I listened to a lady just the other day in the pet food store, talking about her Burnese Mountain Dog puppy, who was laying happily at her feet. She was telling the clerk about how she’d gotten a call from the breeder after she’d picked the puppy out, telling her that there’d been an accident and the dog had suffered some “trauma” to his back. As it turned out, “trauma” was damage to his vertebrae, to the point where if it doesn’t heal properly he’ll probably have to get spinal fusion or suffer a pinched nerve his entire life.
“The breeder knew there’d be issues,” the lady went on, “so she just gave me the dog. That’s about fifteen hundred dollars right there, and so far I’ve only spent about four hundred at the vet’s. So, I’m still in the money,” she said, ”So to speak. After that, I’ll have to decide what to do.”
But there he was, just sitting at her feet and doing what Burnese Mountain Dogs are good at: Being extremely large and pleasant and energetic, wagging his tail and smiling happily at everyone, gimping around to say hello.
And here Valentine is, curled into a tiny section of my lap, with her tail wound around my ankle to make sure I don’t go anywhere. So you do what you have to.
Then there are the small details
I turned thirty-one this week. I’m glad that things have turned out the way they did: I saw folks get married and grow their families; I watched my nephew get old enough to slaughter me in Wii Boxing. I owe my family and friends for that, wonderful people that I’m lucky to have known for so long.
The farthest that I travelled this past year was to Victoria, B.C., and got to stick my foot in a different, colder part of the Pacific. I saw Bill Clinton speak. I got to speak to audiences of my own, and get them excited about things they used to hate. I owe my job for that.
And somewhere along the line, this website crossed the line into being nine years old. I’ve been on the internet in some form or another since 1999, and some of you out there have been with me for all that time. I forget how much fun it is, and yet I never hesitate to plunk down whatever it costs to host this thing and keep it going — it’s just great to be here. I owe you for that.
But enough mushiness
I’ve ripped off Gwen’s format enough. Time to get back into the swing of things.

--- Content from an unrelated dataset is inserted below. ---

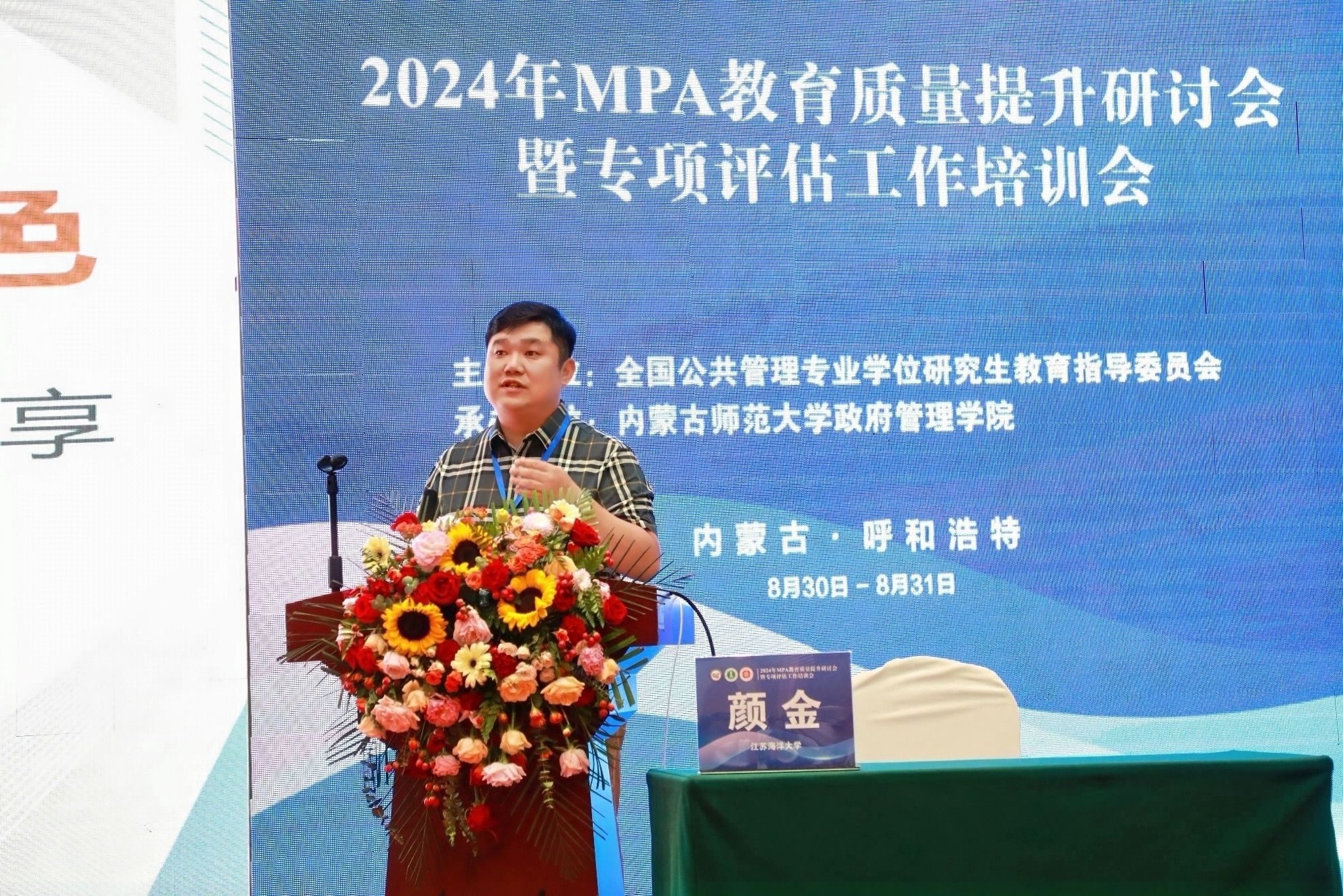 近日,我院副院长颜金副教授在2024年MPA教育质量提升研讨会暨专项评估工作培训会上作经验交流发言。会议由全国MPA教指委主办,内蒙古师范大学政府管理学院承办,来自全国75所院校的136名MPA培养单位负责人参加培训会议。

So I'm done having killer mysterious headaches and surprising personal calamities and getting doubly suprising promotions. I Twitter now (peep that HA HA HA see what I did there) and I'm back to blogging, so it's now officially more than you can stand.
Trasherati
May 21st, 2008 at 8:23 am
I’ve missed you. Thanks for posting.
danica
May 22nd, 2008 at 1:41 pm
i love the Gwen format
Okay, please tell me, HOW did you get your cat to stop peeing all over the place? I have two, siblings, who do this, and I don’t know if it is some rogue genetic madness that makes them think it would EVER be appropriate to get on the bed WHILE WE ARE IN IT and PEE ON IT, not to mention mark territory up against boxes and doors and furniture, not to mention just pee a lake of urine somewhere weird when you think they have stopped doing it forever… but I don’t like it.

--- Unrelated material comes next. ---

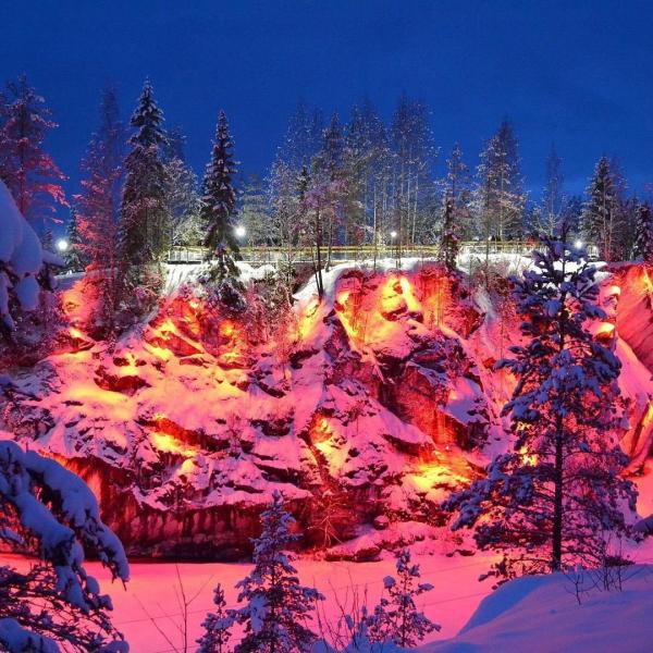 Прогулка по Рускеальскому горному парку - Мраморный каньон - парк создан в 2005 году на базе уникального памятника индустриального наследия России - Рускеальского мраморного карьера. Добыча мрамора была начата здесь в 1769 г по указу Екатерины II для украшения известных сооружений Петербурга: Мраморного дворца, Исаакиевского собора, Мариинского дворца и др. Сочетание природы Карелии и деятельности человека придали этим карьерам удивительно живописный вид, который привлекает любителей путешествий не только из Карелии.

They know it’s not okay. They know where the many litterboxes are. They don’t just do it because they want to go outside, because they are literally pissed at each other, or because they want the litterbox cleaned stat. I don’t know what the hell it is. And I haven’t tried the vet yet because the internet was unhelpful and I assume the vet will have the same suggestions, even though so far I have never had a vet make the same inane suggestions and diagnoses that the internet seems to come up with for our cats.